Asian stocks rise as markets pin hopes on global economic recovery
Asian stocks ground out gains overnight as traders chose to focus on the prospects of a global economic recovery from coronavirus over US-China fears.
Japan’s Nikkei jumped 1.3 per cent on Tuesday but Hong Kong’s Hang Seng index rose a comparatively small 0.6 per cent.
President Donald Trump’s threat to bring in the military to end violent protests in US cities left US futures negative in Asia, with the S&P down 0.54 per cent.
Trump’s decision not to resort to more tariffs to curb China’s aggression in Hong Kong yesterday pushed European stock markets higher. The FTSE 100 gained 1.48 per cent while the Cac rose 1.43 per cent.
However, reports China has ordered state-run firms to halt orders of US soybeans – a key tenet of the pair’s trade agreement – has left doubt over the future of a US-China trade deal.
But the S&P 500 still jumped another 0.38 per cent to hit its highest level since the start of the coronavirus pandemic. And the tech-heavy Nasdaq rose 0.66 per cent, leaving it under three per cent off all-time highs achieved in February.
“In spite of what was some generally negative newsflow yesterday, global markets continued to climb as hopes for further economic recovery gathered more momentum,” Deutsche Bank’s Jim Reid said.
“This is a continuation of the rotation out of ‘growth’ stocks and into more ‘value’ oriented securities that we saw last week,” Reid added of the Nasdaq’s rise, citing tech behemoth stocks like Microsoft, Google and Netflix.
But analysts warned fears over progress on a US-China trade deal unravelling could spur a drop in the near term.
“There’s increasing concern about further deterioration in relations between China and the U.S.,” said Michael McCarthy, chief market strategist at CMC Markets told Reuters.
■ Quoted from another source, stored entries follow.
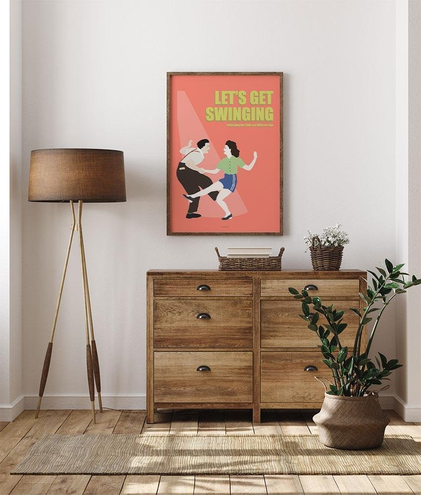 Färgglada posters livar upp ett rum och får dig på gott humör. Den här postern är en grafisk tolkning av Judy Garland, som ivrigt kastar sig in i en glädjefylld swingdans någon gång på 40-talet.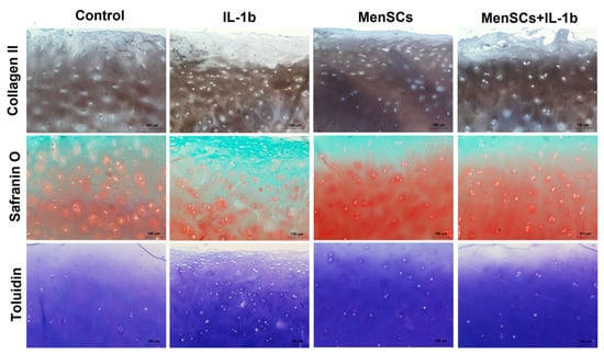 Human articular cartilage explants were co-cultured with MenSCs to evaluate MenSCs paracrine factor effects on cartilage tissue ECM under inflammatory conditions with IL-1β. For these purposes, cartilage explants were cultivated in 0.4 μm inserts for 21 days, with/without MenSCs seeded in 6-well plate wells with/without IL-1β (as discussed in Section 2.6). As expected, the integrity of cartilage explant ECM was impaired after stimulation with IL-1β as compared to control samples. This was observed according to histological and immunohistochemical analysis as the staining intensity of safranin O, toluidine blue, and collagen type II antibody labelling decreased (Figure 4). On the other hand, explants cultivated in co-cultures with MenSCs demonstrated intense staining with safranin O and toluidine blue, as well as collagen type II antibody labelling. However, the effect of IL-1β was also visible in co-culture conditions with MenSCs with slightly reduced ECM staining, as compared to unstimulated with IL-1β co-cultures (Figure 4).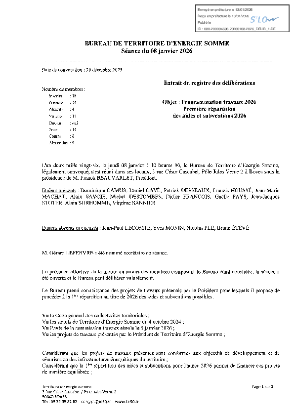 Programme répartition travaux - 1ère répartition 2026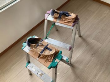 脚立に靴を貼り付けた高下駄を自作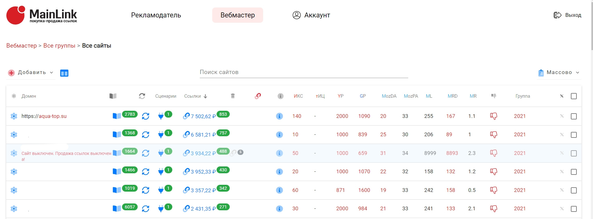 Прямые продажи ссылок:2 500 ₽ / 26%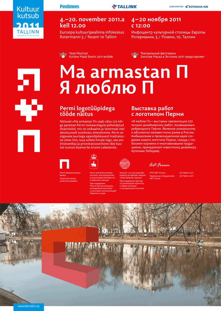 Скандальная, я бы даже сказал, легендарная П авторства Артемия Лебедева, которая заставила общественность (а не только дизайнерскую тусовку) бурлить и кипеть, обсуждая этот дизайн. Кстати, Пермь стала первым русским городом со своим логотипом.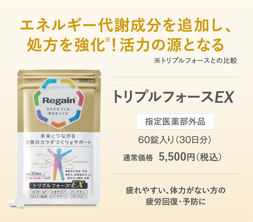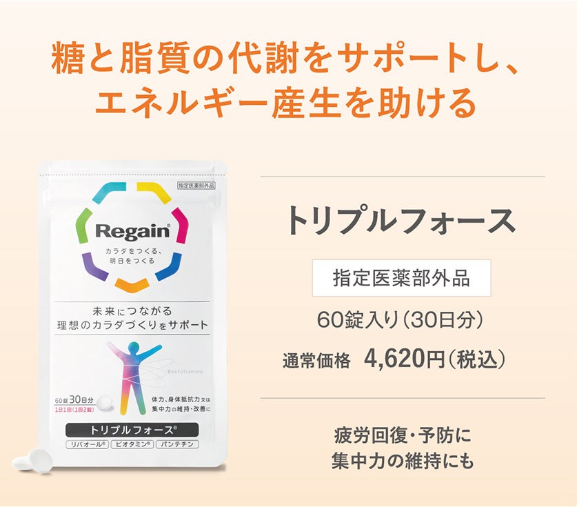 リゲインのブランド名は、「Re(再び)+gain(獲得する)」から、疲れた身体に再びパワーを与え「取り戻す」というメッセージが込められています。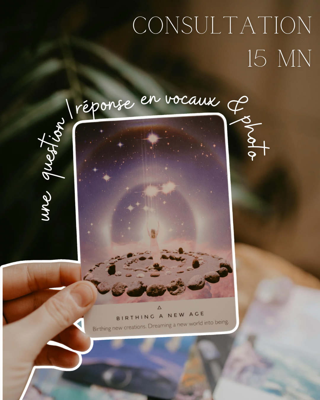 Cette consultation de 15 minutes est faite pour toi. Je réponds à ton interrogation principale dans un délai de 24 à 48h. Tu recevras une photo du tirage accompagnée de vocaux explicatifs pour en comprendre toute l’analyse.

“In the meantime, we’re hanging in there…but I think we might be getting a little exhausted given the giddy heights that we’re trading at.”
They warned economic recoveries must match investors’ bullish moods in order to keep hold of recent gains.
“This optimistic read for risk can only persist if measures like orders and employment continue to improve month to month,” said Alan Ruskin, chief international strategist at Deutsche Bank.
“Early setbacks would be a very poor sign, but are not expected in the period immediately following the end of lockdowns.”